Pub Date : 2025-10-07 DOI: 10.1109/TMI.2025.3618711
Xiaoyu Wang;Jinyu Zheng;Chaolu Feng;Lian-Ming Wu
Major adverse cardiac events (MACE) pose a high life-threatening risk to patients with arrhythmogenic right ventricular cardiomyopathy (ARVC). Cardiac magnetic resonance (CMR) has been proven to reflect the risk of MACE, but two challenges remain: limited dataset size due to the rarity of ARVC and overlapping image distributions between non-MACE and MACE patients. To address these challenges by fully leveraging the dynamic and spatial information in the limited CMR dataset, a deep learning-based risk prediction model named Three-Tier Spatiotemporal Transformer (TTST) is proposed in this paper, which utilizes three transformer-based tiers to sequentially extract and fuse features from three domains: the 2D spatial domain of each slice, the temporal dimension of slice sequence and the inter-slice depth dimension. In TTST, a pericardial adipose tissue (PAT) embedding unit is proposed to incorporate the dynamic and positional information of PAT, a key biomarker for distinguishing MACE from non-MACE based on its thickening and reduced motion, as prior knowledge to reduce reliance on large-scale datasets. Additionally, a patch voting unit is introduced to pick out local features that highlight more indicative regions in the heart, guided by the PAT embedding information. Experimental results demonstrate that TTST outperforms existing classification methods in MACE prediction (internal: AUC = 0.89, ACC = 84.02%; external: AUC = 0.87, ACC = 86.21%). Clinically, TTST achieves effective risk prediction performance either independently (C-index = 0.744) or in combination with the existing 5-year risk score model (increasing C-index from 0.686 to 0.777).
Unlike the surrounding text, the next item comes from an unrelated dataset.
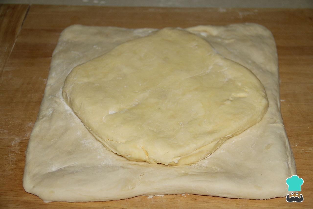 Lo que debemos hacer ahora es encerrar el bloque de mantequilla con la masa, como si se tratase de un sobre. Deja una punta libre para que la mantequilla salga a la superficie cuando procedamos a amasar el hojaldre.

Code and dataset are accessible at https://github.com/DFLAG-NEU
重大心脏不良事件(MACE)对心律失常性右室心肌病(ARVC)患者具有很高的危及生命的风险。心脏磁共振(CMR)已被证明可以反映MACE的风险,但仍然存在两个挑战:由于ARVC的罕见性,数据集大小有限,以及非MACE和MACE患者之间的重叠图像分布。为了充分利用有限CMR数据集的动态和空间信息来解决这些挑战,本文提出了一种基于深度学习的风险预测模型——三层时空变压器(three - tier Spatiotemporal Transformer, TTST),该模型利用基于三层变压器的层序从三个领域依次提取和融合特征:每个切片的二维空间域、切片序列的时间维度和片间深度维度。在TTST中,提出了一种心包脂肪组织(PAT)嵌入单元,将PAT的动态和位置信息作为先验知识,以减少对大规模数据集的依赖。PAT是基于其增厚和运动减少来区分MACE与非MACE的关键生物标志物。此外,引入了一个补丁投票单元,在PAT嵌入信息的指导下,挑选出心脏中突出更多指示区域的局部特征。实验结果表明,TTST在MACE预测方面优于现有的分类方法(内部:AUC = 0.89, ACC = 84.02%;外部:AUC = 0.87, ACC = 86.21%)。在临床上,无论是单独使用TTST (C-index = 0.744),还是与现有的5年风险评分模型联合使用TTST (C-index由0.686提高到0.777)均能获得有效的风险预测效果。代码和数据集可访问https://github.com/DFLAG-NEU。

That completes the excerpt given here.